The task → The output should match, line for line, the records from the line containing "当初の予定よりも若干早く林道" through the line containing "même couche a", with every picture left out.

Records for the task →
-- Opening Marker --
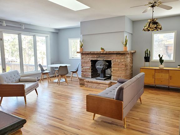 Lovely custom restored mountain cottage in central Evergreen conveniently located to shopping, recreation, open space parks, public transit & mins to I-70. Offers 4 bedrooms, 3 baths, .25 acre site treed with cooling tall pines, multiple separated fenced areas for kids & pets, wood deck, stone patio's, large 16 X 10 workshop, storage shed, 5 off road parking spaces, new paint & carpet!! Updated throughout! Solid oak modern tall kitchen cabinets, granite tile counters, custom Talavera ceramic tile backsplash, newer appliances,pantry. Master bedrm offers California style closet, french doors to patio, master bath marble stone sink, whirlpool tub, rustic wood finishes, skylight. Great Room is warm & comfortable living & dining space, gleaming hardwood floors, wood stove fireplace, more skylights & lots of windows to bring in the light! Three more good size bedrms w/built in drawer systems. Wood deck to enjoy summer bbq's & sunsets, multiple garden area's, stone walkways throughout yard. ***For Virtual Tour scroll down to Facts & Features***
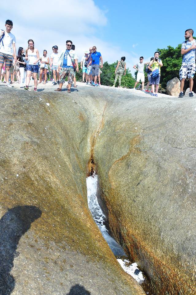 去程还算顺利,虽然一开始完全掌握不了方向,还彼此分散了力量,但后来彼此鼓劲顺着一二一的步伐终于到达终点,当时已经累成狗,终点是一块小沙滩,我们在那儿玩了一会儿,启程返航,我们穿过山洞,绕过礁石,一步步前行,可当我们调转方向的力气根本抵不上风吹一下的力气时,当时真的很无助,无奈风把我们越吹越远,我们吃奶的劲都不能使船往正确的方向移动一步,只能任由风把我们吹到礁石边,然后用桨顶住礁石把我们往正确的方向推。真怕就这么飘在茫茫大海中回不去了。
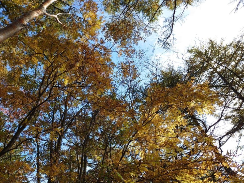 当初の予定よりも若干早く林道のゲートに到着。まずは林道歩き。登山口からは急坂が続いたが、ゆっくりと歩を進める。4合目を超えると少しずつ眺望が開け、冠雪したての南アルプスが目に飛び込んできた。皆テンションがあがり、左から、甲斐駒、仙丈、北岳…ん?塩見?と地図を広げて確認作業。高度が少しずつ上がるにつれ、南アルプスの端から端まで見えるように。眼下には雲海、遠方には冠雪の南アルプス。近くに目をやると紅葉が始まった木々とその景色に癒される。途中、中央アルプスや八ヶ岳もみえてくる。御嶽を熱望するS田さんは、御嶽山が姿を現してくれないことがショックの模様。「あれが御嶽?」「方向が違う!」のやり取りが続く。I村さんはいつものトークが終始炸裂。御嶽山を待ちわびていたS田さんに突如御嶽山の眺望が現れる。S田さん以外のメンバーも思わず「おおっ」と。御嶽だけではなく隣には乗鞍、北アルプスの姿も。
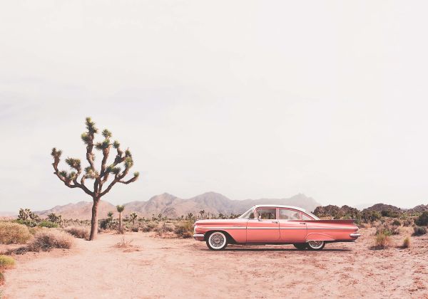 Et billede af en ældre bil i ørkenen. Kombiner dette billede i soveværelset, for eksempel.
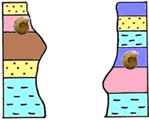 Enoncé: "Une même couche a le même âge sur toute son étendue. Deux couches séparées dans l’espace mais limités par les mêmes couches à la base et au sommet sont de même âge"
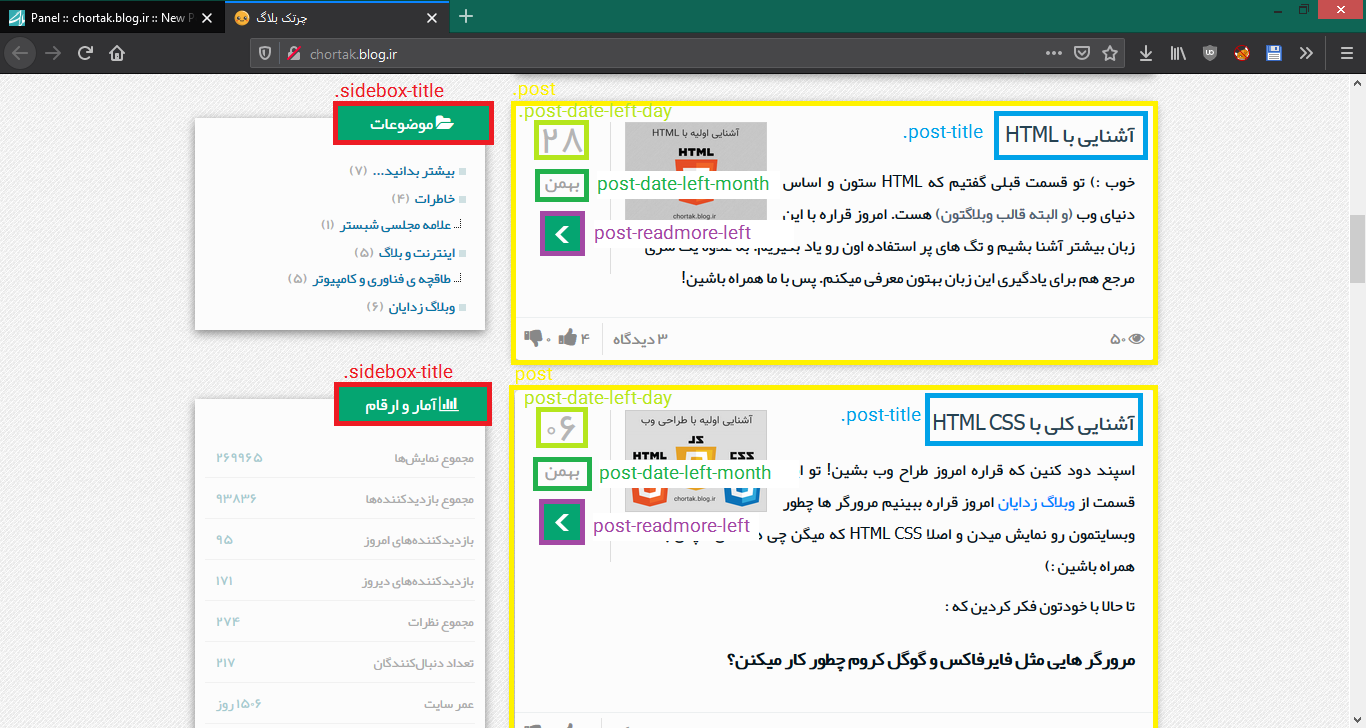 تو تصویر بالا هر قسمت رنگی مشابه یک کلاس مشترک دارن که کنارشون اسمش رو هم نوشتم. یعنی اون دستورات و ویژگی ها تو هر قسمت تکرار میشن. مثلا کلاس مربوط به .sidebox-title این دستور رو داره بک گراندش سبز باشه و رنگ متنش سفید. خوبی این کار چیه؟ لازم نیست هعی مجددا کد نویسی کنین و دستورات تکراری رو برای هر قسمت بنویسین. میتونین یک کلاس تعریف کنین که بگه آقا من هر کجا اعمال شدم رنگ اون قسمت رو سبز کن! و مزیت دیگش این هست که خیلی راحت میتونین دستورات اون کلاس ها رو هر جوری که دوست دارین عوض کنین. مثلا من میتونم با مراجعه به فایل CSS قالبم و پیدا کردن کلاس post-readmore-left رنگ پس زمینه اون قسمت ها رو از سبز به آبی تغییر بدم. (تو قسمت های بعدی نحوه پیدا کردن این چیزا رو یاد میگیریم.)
-- Closing Marker --
-- Opening Marker --
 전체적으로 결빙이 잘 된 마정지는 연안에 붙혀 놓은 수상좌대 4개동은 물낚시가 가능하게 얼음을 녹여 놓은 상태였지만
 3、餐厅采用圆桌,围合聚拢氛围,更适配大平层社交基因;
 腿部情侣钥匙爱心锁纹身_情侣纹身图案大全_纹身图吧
-- Closing Marker --
Result below →
 当初の予定よりも若干早く林道のゲートに到着。まずは林道歩き。登山口からは急坂が続いたが、ゆっくりと歩を進める。4合目を超えると少しずつ眺望が開け、冠雪したての南アルプスが目に飛び込んできた。皆テンションがあがり、左から、甲斐駒、仙丈、北岳…ん?塩見?と地図を広げて確認作業。高度が少しずつ上がるにつれ、南アルプスの端から端まで見えるように。眼下には雲海、遠方には冠雪の南アルプス。近くに目をやると紅葉が始まった木々とその景色に癒される。途中、中央アルプスや八ヶ岳もみえてくる。御嶽を熱望するS田さんは、御嶽山が姿を現してくれないことがショックの模様。「あれが御嶽?」「方向が違う!」のやり取りが続く。I村さんはいつものトークが終始炸裂。御嶽山を待ちわびていたS田さんに突如御嶽山の眺望が現れる。S田さん以外のメンバーも思わず「おおっ」と。御嶽だけではなく隣には乗鞍、北アルプスの姿も。
 Et billede af en ældre bil i ørkenen. Kombiner dette billede i soveværelset, for eksempel.
 Enoncé: "Une même couche a le même âge sur toute son étendue. Deux couches séparées dans l’espace mais limités par les mêmes couches à la base et au sommet sont de même âge"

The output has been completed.